I have no objection to posting my email address. Obviously, David
Schildmeier, MNA's Director of Public Communications, and I are swapping
information continuously. It's his judgment call what, with permission, gets
posted on the official MNA site, just as I have to figure out what works in
the daily unofficial strike bulletins. If anyone has any concerns or
preferences, they probably should express them up front. I see the bulletin
as a supplement to David's work, with the focus on building support for the
striking nurses and deepening understanding of the issues coming out of the
strike. I also confess to having the broader agenda of fostering the
development of a global community of nurses and friends seeking fundamental
change in the way health care and nursing are delivered. I've been hearing
similar concerns from nurses in Canada, Australia and Japan, with the
globalization of market forces, market mentality and market morality
threatening health care and care givers just about everywhere. I think I
detect the notion growing that we may have to defeat Tenet in Santa Barbara
if we're going to resolve the situation in Worcester. Plans for a corporate
campaign are being worked on, and I still think we may need to turn Santa
Barbara into Seattle. But I'm getting ahead of myself.
Good to hear from you! Keep spreading the word extending that community.
Sandy

-----------------------

Thanks, Sandy. I'll post about it on my list. And do the striking nurses get
to read these messages? I imagine a lot of nurses would want to send them
messages of support, just want to make sure I'm directing them to the
appropriate place.

Carrie

PS A Seattle in Santa Barbara?

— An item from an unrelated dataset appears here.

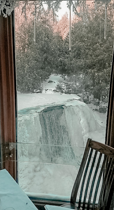 I love all things food and the Headwaters Restaurant does not disappoint!  Located in the main mill of the Inn and overlooking the picturesque millpond and falls you have the perfect recipe for a truly extraordinary experience for all your senses.  In advance of your stay and if you book a package that includes dinner, make a reservation immediately for the restaurant and request to sit in the ‘pod’ where you will have the breathtaking view of the falls while dining.  You will experience impeccable service and a menu filled with an assortment of seasonal dishes which will leave you satiated.  With an impressive wine list, why not have the Inn pair your dishes with wine.  Sip, bite and repeat, but don’t forget to leave room for dessert.  With the package, dinner is included and only alcohol is at an additional cost.  You can make your way over earlier and enjoy a cocktail in the lounge where there is usually a local artist performing.  Enjoy as bubbles from your glass of prosecco dance to the rhythm of the music.

Oh, DO tell me if that's in the wind. Man
would I love to be there for that! I was at Seattle WTO all week, btw.

------------------------

Hi, Carrie!
A lot of the striking nurses are on the listserv. I know of at least one
local leader (elsewhere in Massachusetts) that prints out the bulletins for
posting on the union bulletin board at work. The best way for messages to
reach the largest number of people, strikers included, is to sent them to MNA
(
massnurses@mnarn.org) as well as to me (sandyern@aol.com). Although there
are no plans I'm aware of just yet for marching on Santa Barbara, I've been
dropping hints in many of the right places.
Sandy

------------------------

Sandy,
Thanks as always for your bulletins. I am usually on the front lines
with working in the strike office, picketing etc. and can keep up on info,
but it's great to have your daily bulletins for additional goings on. ... You
are doing a great service for the MNA, and the SVH nurses, and we really
appreciate it. The other SandyE ( ELLIS) is such a champion. It's hard to
believe that 2 such people can exist with the same names... can we clone
you???
Good luck, and continued writing.
In solidarity, MaryEllenDeCaro, RN

------------------------

The Massachusetts Nurses Association is receiving global messages of support
for striking Worcester nurses from nurses, organizations, other unionized
workers, family of strikers, patients, nursing students, and legislators from
the US, Canada, Australia, the UK, Japan, Abu Dhabi, Trinidad, and so on.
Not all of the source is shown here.